We don’t know the answers to these questions. If there aren’t good ones to be had, Lawsky’s judgment should come under scrutiny as much as Standard Chartered’s.
If the bank broke the law, it should be punished. Still, let’s be clear about the fundamentals. The reason a case arose at all is that, from 2001 to 2007, Standard Chartered was clearing Iran’s U.S. dollar transactions in New York. At the time, the U.S. had imposed tough sanctions on Iran, while Europe’s were weaker. European businesses continued trading with Iran, often encouraged by their governments, with European banks clearing the transactions.
The Standard Chartered transactions implicated U.S. regulations because oil is traded in dollars, the world’s reserve currency.
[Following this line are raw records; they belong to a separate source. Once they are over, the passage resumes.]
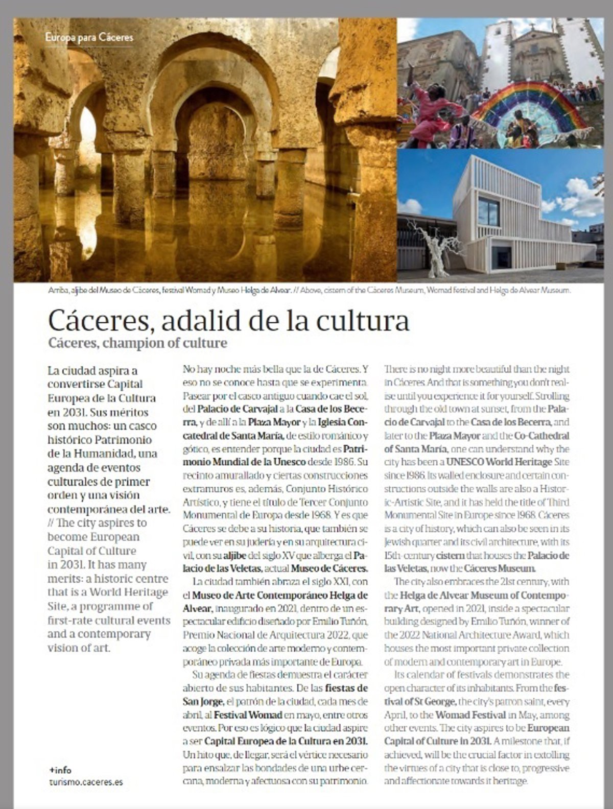 En Air Europa ya se puede leer un reportaje durante este mes de abril titulado 'Cáceres, adalid de la cultura'. Está redactado tanto en español como en inglés, destacando la "agenda de eventos culturales de primer orden y una visión contemporánea del arte" de la ciudad de Cáceres.
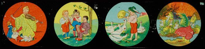 Lantaarnplaat met muziek makende kinderen en kikkers
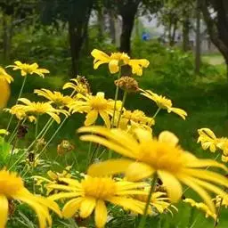 蓝眼菊的花朵在苗圃中很是普遍。繁殖方式有播种繁殖与扦插繁殖,主要以扦插育苗进行。 蓝眼菊
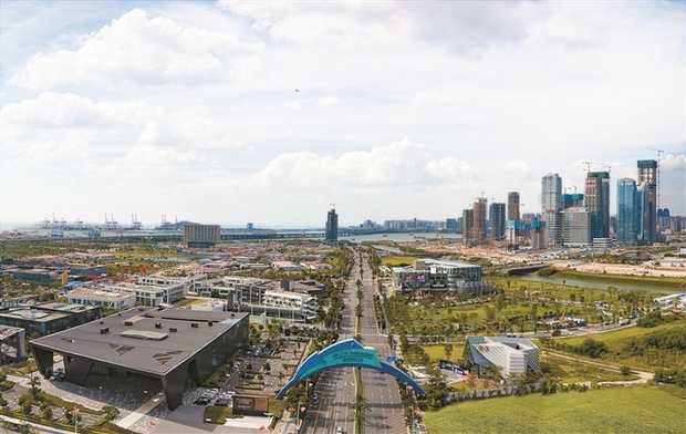 深圳将加快前海深港合作区和前海蛇口自贸片区开发开放,努力构建更高水平的开放型经济新体制。图为前海深港合作区俯瞰。(深圳报业集团资料图)
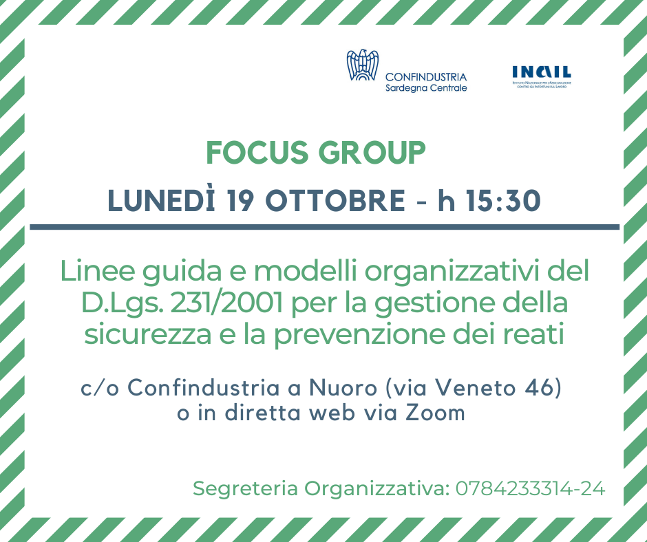FOCUS GROUP Modelli organizzativi per la sicurezza in azienda ex D.Lgs. 231/2001
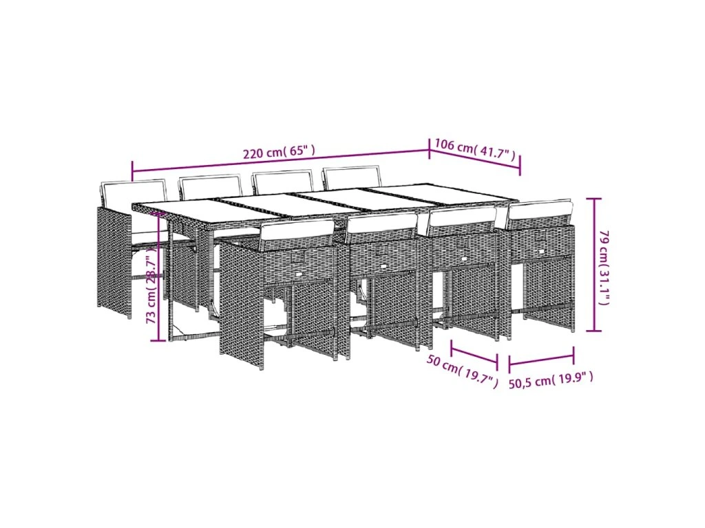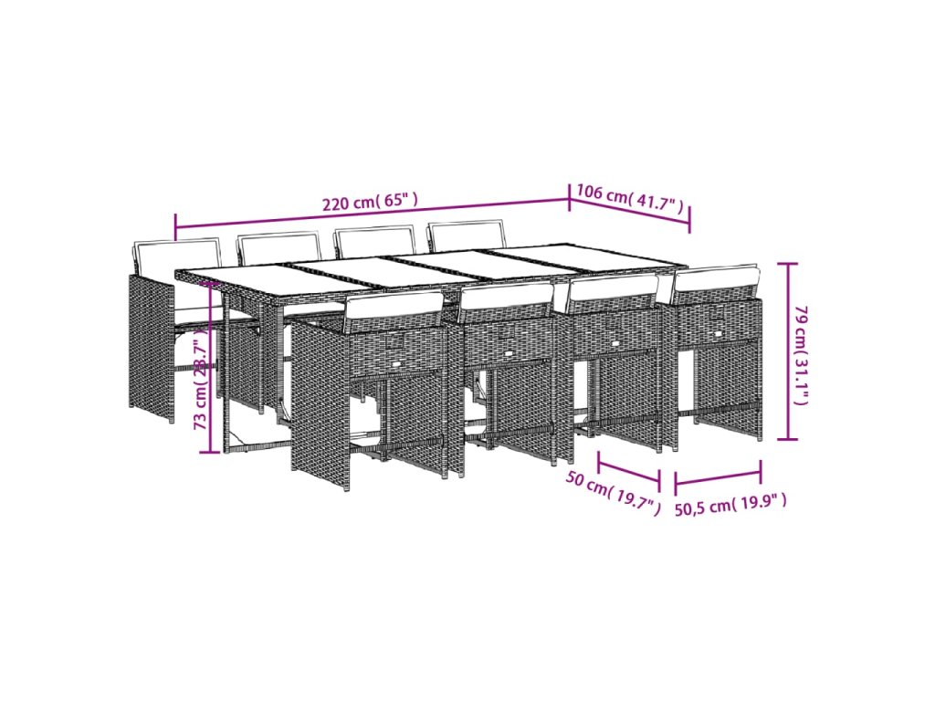 - Rozměry: 220 x 106 x 73 cm (D x Š x V)
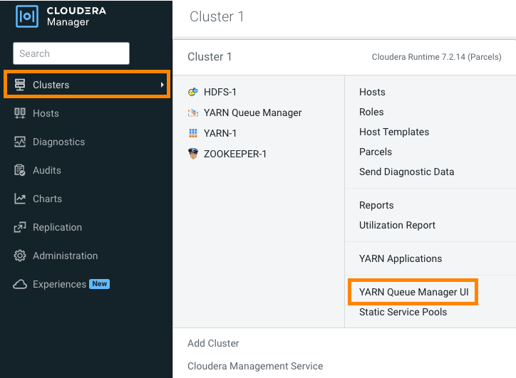 In Cloudera Manager, navigate to Clusters > YARN Queue Manager UI.
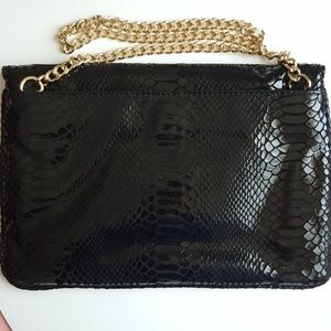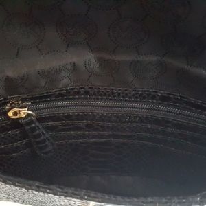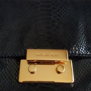 Michael Kors black clutch with gold hardware/short gold chain strap. 6 card slots on the inside of bag and a zip compartment! Super cute for holiday parties! Never used.

As Lawsky points out in his order, Standard Chartered was clearing $500 million a day for the Iranian central bank, the conduit for the country’s oil revenue. As Lawsky also said, that wouldn’t have been feasible if Standard Chartered informed U.S. regulators that the money was Iranian, triggering background checks and delays at the very least. Lawsky says $250 billion of illegal transactions were involved. The bank says the figure is more like $14 million, or 0.1 percent of its Iran-related transfers.
At the time, to some Europeans, the U.S. was abusing its reserve currency status to impose its sanctions laws on other countries. Hence the inflammatory e-mail from a senior Standard Chartered executive, referring to U.S. policy with an obscenity. Lawsky quotes it as saying: “Who are you to tell us, the rest of the world, that we’re not going to deal with the Iranians.”
The European Union, Canada and Mexico said much the same, if in more measured terms, in 1996, shortly after the U.S. first sought to extend its sanctions by punishing foreign companies that do business with Iran. Each passed regulations to counter what they considered an illegal extraterritorial application of U.S. law. The EU, for example, forbade its citizens from complying with the U.S.’s Iran and Libya Sanctions Act.
Those regulations don’t cover transactions cleared in New York. But the controversy over U.S. extraterritoriality won’t go away. It’s one reason that the U.S. Department of State granted waivers to China, India, South Korea and 17 others from a new law that bars oil-related transactions with Iran’s central bank. Enforcing the U.S. sanctions on these countries, which depend heavily on Iranian oil, would be diplomatic dynamite.
Come December, however, the U.S. will have to review those waivers, which can be granted only if the country in question has reduced its oil imports from Iran. China, in particular, has painful memories of humiliating extraterritorial laws imposed by Europeans in the 1800s, and might retaliate if penalized.
Making the Iran sanctions stick has only become more urgent for Barack Obama’s administration. It has pledged, rightly in our view, to do what it takes to prevent Iran from acquiring a nuclear bomb. If sanctions don’t bite, that will sharply increase pressure to go to war.
It’s partly in recognition of that choice that the E.U. has, as of July, joined the U.S. in tightening the sanctions noose on Iran by embargoing its oil shipments. Standard Chartered says it stopped all new business in Iran five years ago. That doesn’t give it a free pass on previous wrongdoing. But if Lawsky’s accusations don’t hold up, his sturm und drang over transactions that a U.K. bank cleared back when the E.U. opposed the sanctions seems unlikely to help what has now become a common U.S.-European cause.